Additionally, the agency wants to inspect the manufacturing plants of Idec’s radiolabel compound suppliers, Rohn said, adding the company is working with government agents to schedule an inspection date.
He said the company has already begun to address key issues with FDA agents.
Rohn described Idec’s interactions with federal agents as “positive, productive and open.”
Idec hopes to schedule an oncology drug advisory committee meeting to “have a chance to portray the full profile of the drug,” he said.
Rohn did not want to speculate when the FDA may get back to Idec after it submits the requested data.
He said Idec officials “hope the FDA will not see long-term safety concerns” with the experimental therapy.
But Jim McCamant, editor of the Berkeley-based Medical Technology Stock Letter, remained skeptical about a near approval.
“We don’t have super-high expectations,” McCamant said.
He said that goes for Idec’s drug Zevalin and a similar treatment developed by Idec’s rival Corixa Corp. in Seattle and San Francisco.
McCamant foresees multiple barriers.
These include oncologists and radiologists having to collaborate. He said this is easier done in clinical trials than in a hospital setting.
Doctors would need to learn about the first-ever “immunotherapy” to hit the marketplace in the United States.

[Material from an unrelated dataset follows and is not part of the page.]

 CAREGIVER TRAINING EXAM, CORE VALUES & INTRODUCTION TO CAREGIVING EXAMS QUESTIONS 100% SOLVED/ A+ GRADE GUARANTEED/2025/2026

Then there is the question of reimbursement for the costly drug.
He said, however, Idec may have an edge on its rival, because Zevalin is the second-generation drug of the highly successful non-Hodgkin’s lymphoma drug, Rituxan.

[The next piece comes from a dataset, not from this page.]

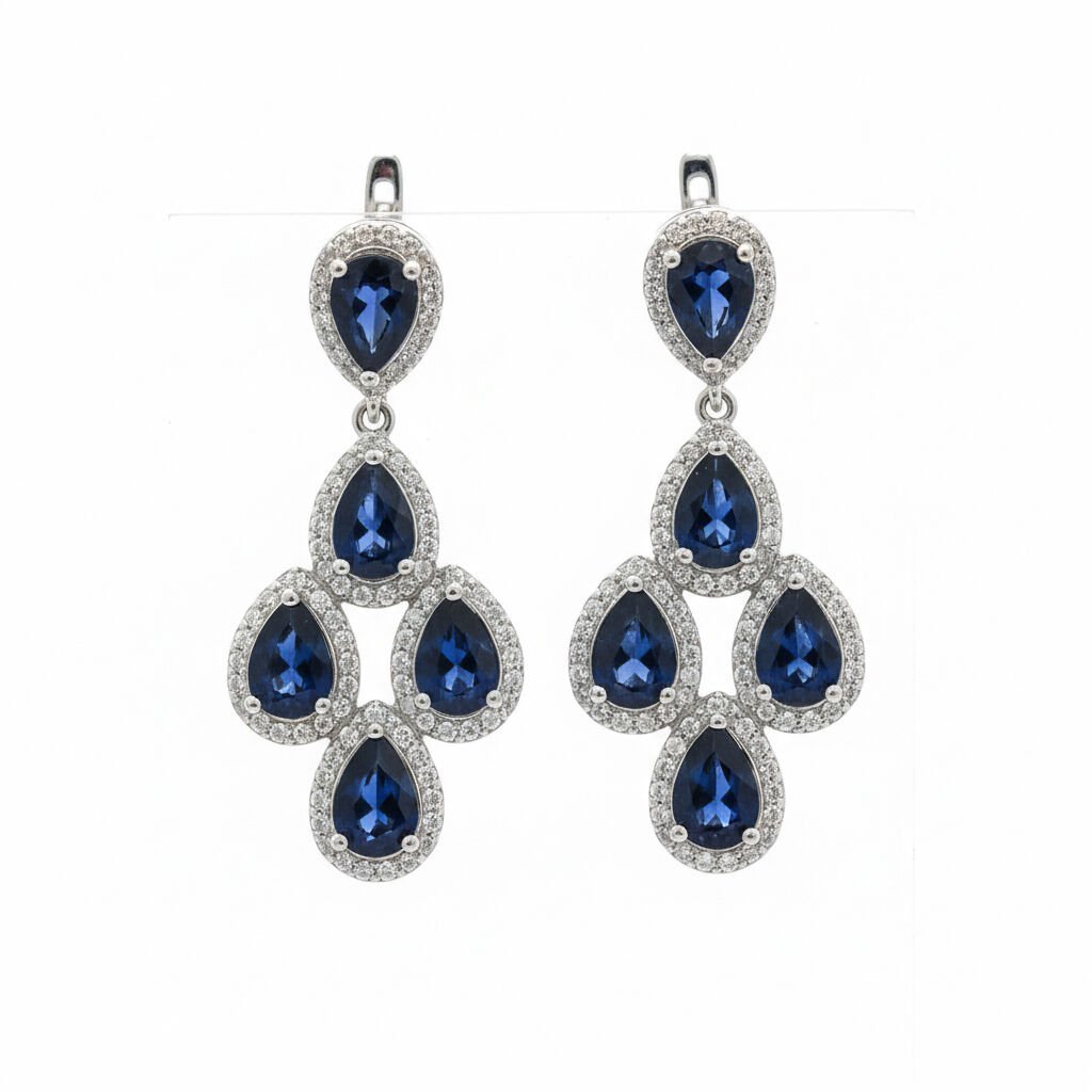 Sallantılı Damla Kesim Safir ve Pırlanta Taşlı Altın Avize Küpe - PK0001253

South San Francisco-based Coulter Pharmaceutical, Inc. (now a unit of Corixa Corp.) developed the rival drug Bexxar, which is also being reviewed by the FDA.
Corixa sought FDA approval for Bexxar on Sept. 15. Corixa was asked to modify its application. The company did so and was asked again March 19 to “outline additional clinical and manufacturing information” to prove Bexxar is safe and effective.

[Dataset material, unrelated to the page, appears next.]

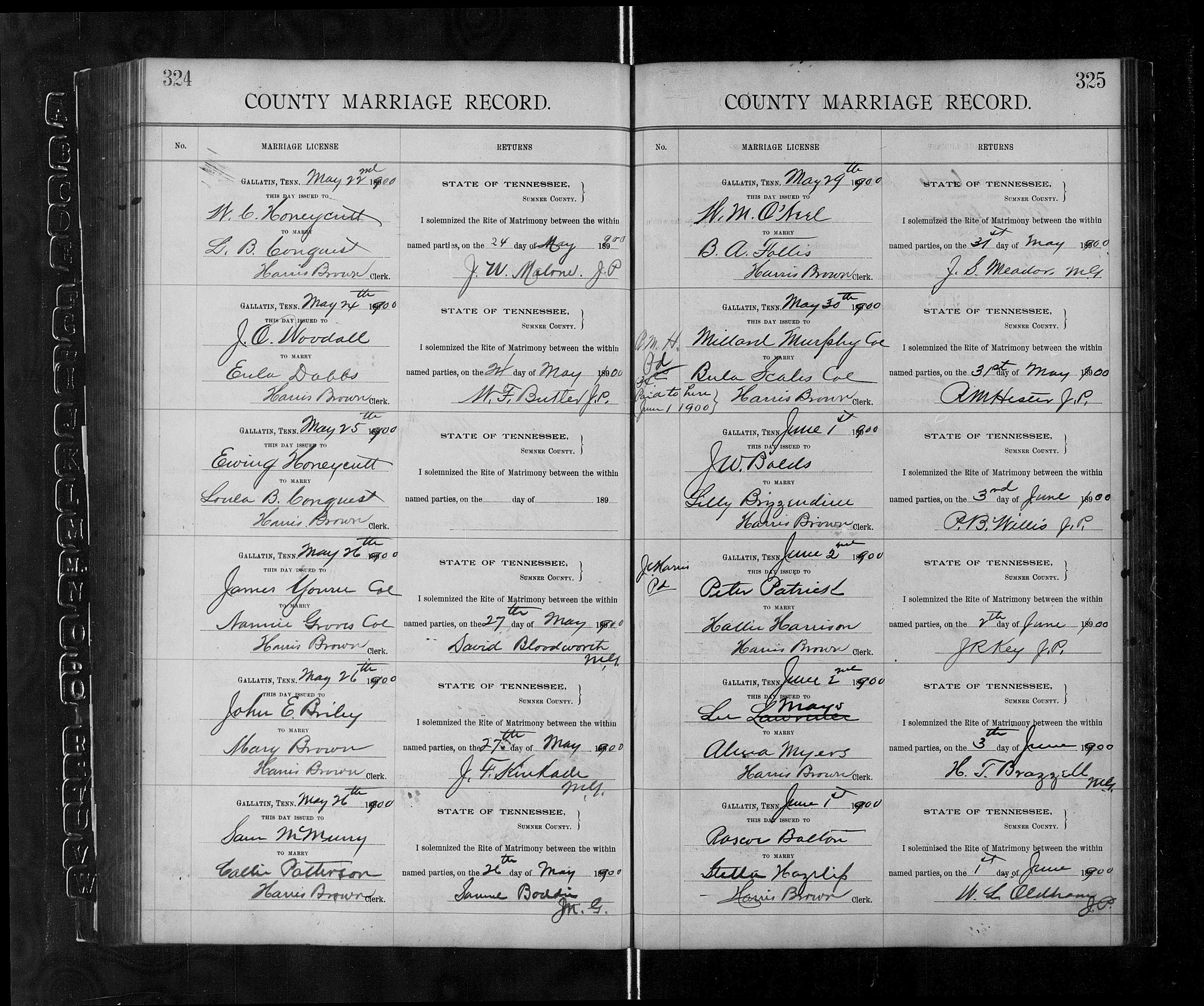 4157. John E Briley and Mary Brown, “Tennessee, County Marriages, 1790-1950,” May 27, 1900, Sumner County, TN, https://familysearch.org/ark:/61903/1:1:QKH3-Z775.

Corixa spokesman Jim DeNike said the company will submit the requested data sometime this summer.
“At that time we expect the FDA to commence a second six-month review,” DeNike said.
DeNike said Corixa isn’t too worried about Idec’s drug Zevalin beating it to the marketplace. “We will continue to move forward,” he said.
To date, there have been no head-to-head studies conducted comparing Bexxar to Zevalin.